East County Magazine editor Miriam Raftery accompanied Clark to the site of a pole he believes started the Paradise fire, scrambling up a steep slope through poison oak to confirm Clark’s contention that five years after the wildfire, the pole remains with two guy wires attached by a single bolt without insulators--an installation he contends is dangerous and illegal. (see photo).
Clark cited California Public Utilities Commission (CPUC) General Order 95, which requires that application of overhead electrical line construction will insure adequate service and secure safety to persons engaged in the construction, maintenance, operation or use of overhead electrical lines and to the public in general. In addition, he states that current installations are a “direct violation” of rule 56.4, which requires 12 inches of separation on poles. “The reason it is illegal is because the design by SDG&E puts the employees and the public safety at risk,” Clark maintained.
SDG&E spokesperson Stephanie Donovan disputed Clark’s contentions. “The causes of the Cedar and Paradise fires have already been found,” she told ECM. “We absolutely disagree with his premise that a single bolt connection could generate enough current by induction during normal operating conditions or even during fault conditions to cause arcing.” Donovan said that Clark failed to provide technical studies or field measurements to prove his contentions.
Clark, an electrical expert hired by Culbreth and Schroeder, a law firm representing Allstate Insurance, to investigate causes of several 2007 fires, presented testimony at the CPUC hearing in San Diego on October 14. Clark testified that he discovered a design error and convinced his employer to request a meeting with SDG&E to propose a way to fix lines and prevent future fires. But at that meeting in December, he was unable to persuade the utility company to address his concerns. “I realized that due to potential extreme financial exposure, SDG&E will not fix or make repairs for fear it might look like an admission of guilt,” Clark said.

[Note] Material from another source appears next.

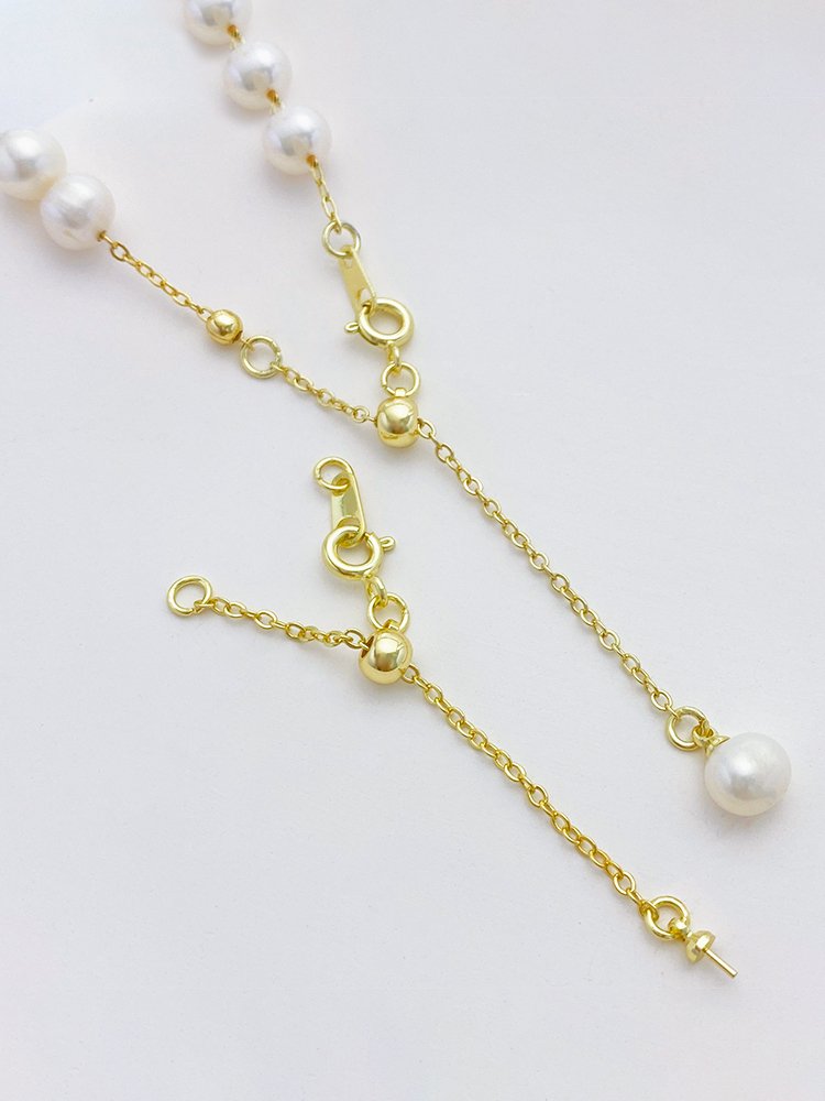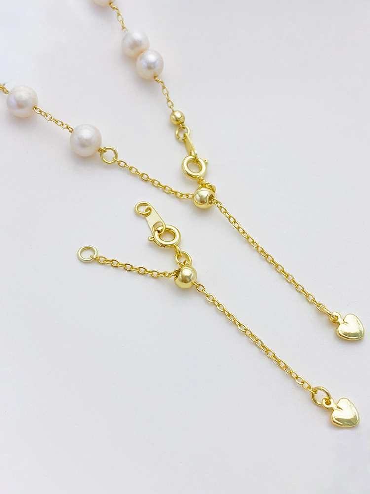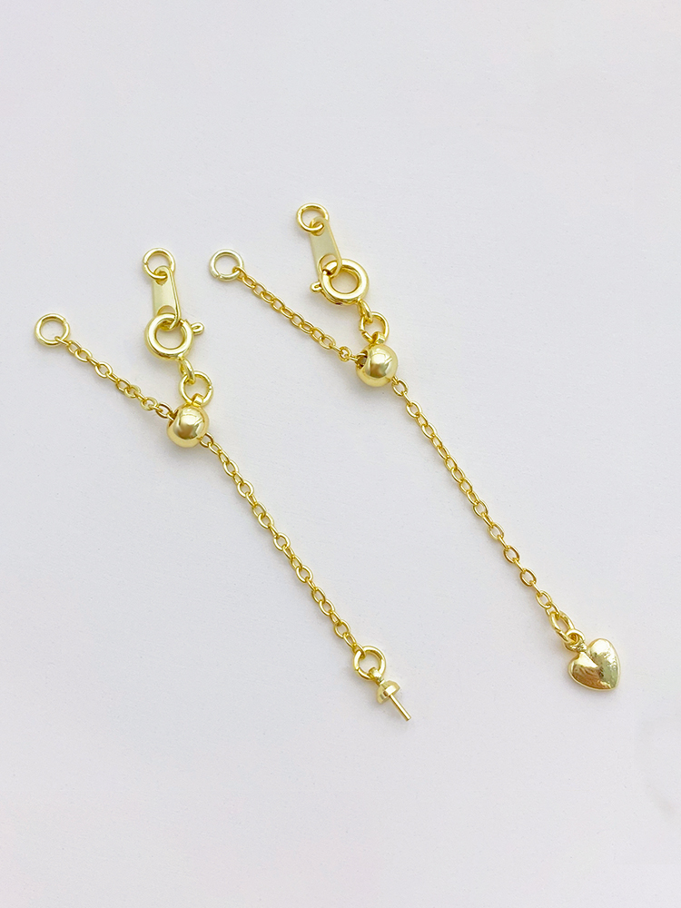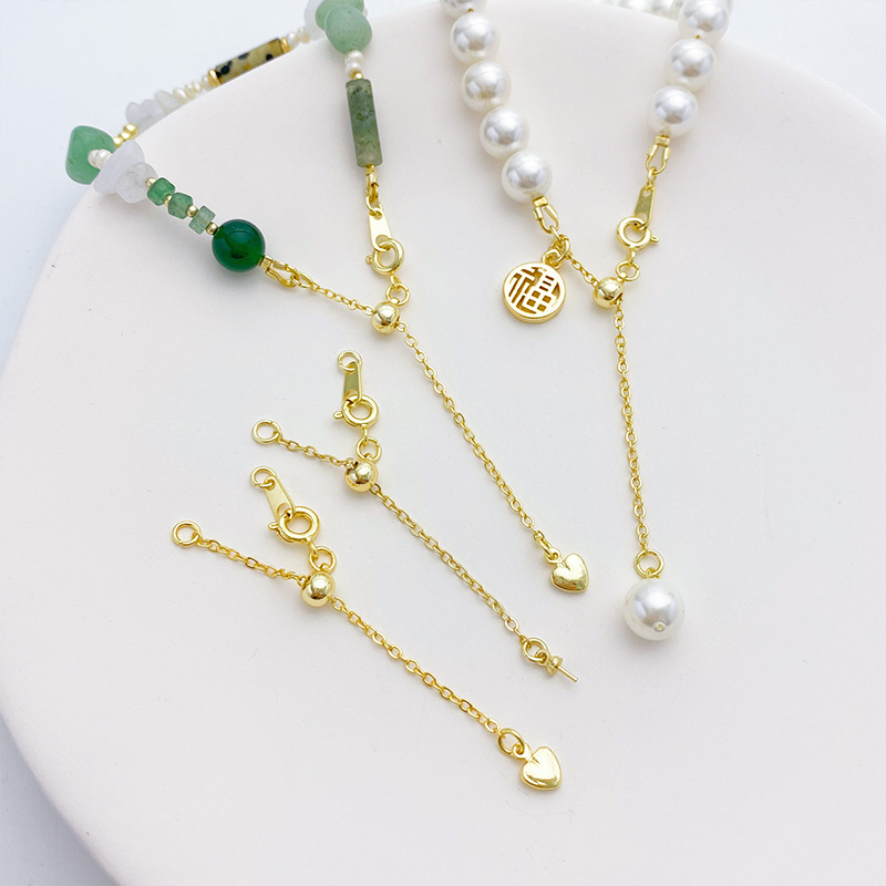 14K包金保色调节爱心尾链挂珍珠托延长链diy手工手链项链收尾配件

Such an admission could make SDG&E liable for over $4 billion in damages from the Witch Creek Fire – and possibly others, Clark observed.

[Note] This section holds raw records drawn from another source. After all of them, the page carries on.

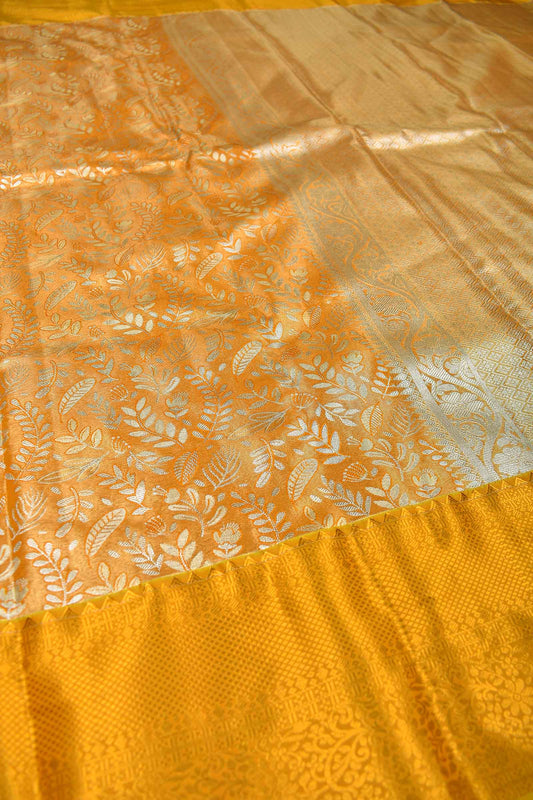 Golden Yellow Semi Silk Tissue Leaves Brocade Gold Border Saree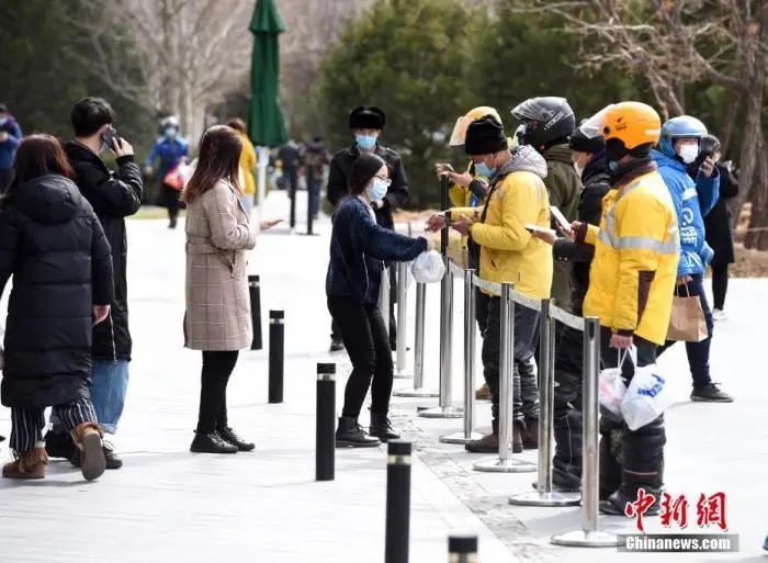 资料图:外卖送餐员等候订餐者前来取餐。中新社记者 侯宇 摄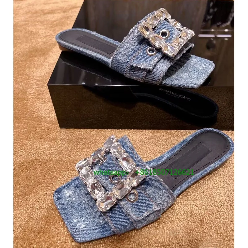 Denim Rhinestone Square Toe Flat Slippers Open Toe Plus Size Handmade Women's Shoes - Купить с бесплатной доставкой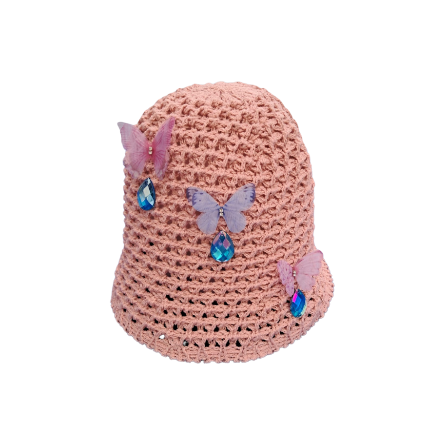 Delicately hand-knitted in blush pink, Crystal Flutter is adorned with soft butterflies and sparkling blue gems. Light, whimsical, and full of charm, it’s the perfect piece for those who love elegance with a magical twist.

He questioned why Cal-Fire and the CPUC have omitted what he contends is detailed documentation from reports—including photos showing where and how he believes major fires began. “Why has this information (evidence) been suppressed and not disclosed as part of an ongoing investigation?” he asked.
A CPUC member cut off Clark’s testimony at that point, stating that he was over the three-minute time limit. However East County Magazine obtained a full transcript, along with his reports and other documentation.
“I can prove to anyone who cares, or wants to listen, that this design by SDG&E is dangerous and puts the lives of citizens of San Diego County at risk,” Clark’s written testimony stated.
Clark, who turned over documentation to San Diego’s District Attorney and former City Attorney, concluded, “For all of those within SDG&E, Sempra Energy, the CPUC and Cal Fire who have chosen to look the other way and not take appropriate action to protect this community from fire, when the evidence has been handed to them on a silver platter, should be held criminally liable should one more person lose their home or life due to intentional actions and neglect.”
|Clark at pole where he believes the Paradise Fire began.
SDG&E’s Stephanie Donovan has objected to ECM’s characterization of Clark as a “whistleblower.” Webster’s 9th New Collegiate Dictionary defines “whistleblower” as “one who reveals something covert or who informs against another” and “who fears reprisals.” Clark has stated that he went public about perceived danger to the public that was not being disclosed, knowing that his job was at stake.
Clark was hired by Allstate’s law firm specifically to investigate causes of the Witch Creek fire and other 2007 wildfires, ECM has confirmed. He independently decided to investigate the 2003 fires and became alarmed at his findings. He has previously provided expert witness testimony both for and against Sempra Energy, owner of SDG&E, on other cases. According to Clark, he has been retained by Sempra in approximately eight to twelve cases as an expert witness. “I was key in Sempra settling a high profile case resulting from an explosion caused by ground current, very similar to this case,” he said. But Sempra spokesperson Donovan said the company has not hired Clark for many years.
“I do both plaintiff and defense work. I’m not biased either way,” Clark added. “When I found this problem, I took it to the people I worked for and convinced them I had to go to SDG&E because it was not something they could sit on. It needs to be fixed.”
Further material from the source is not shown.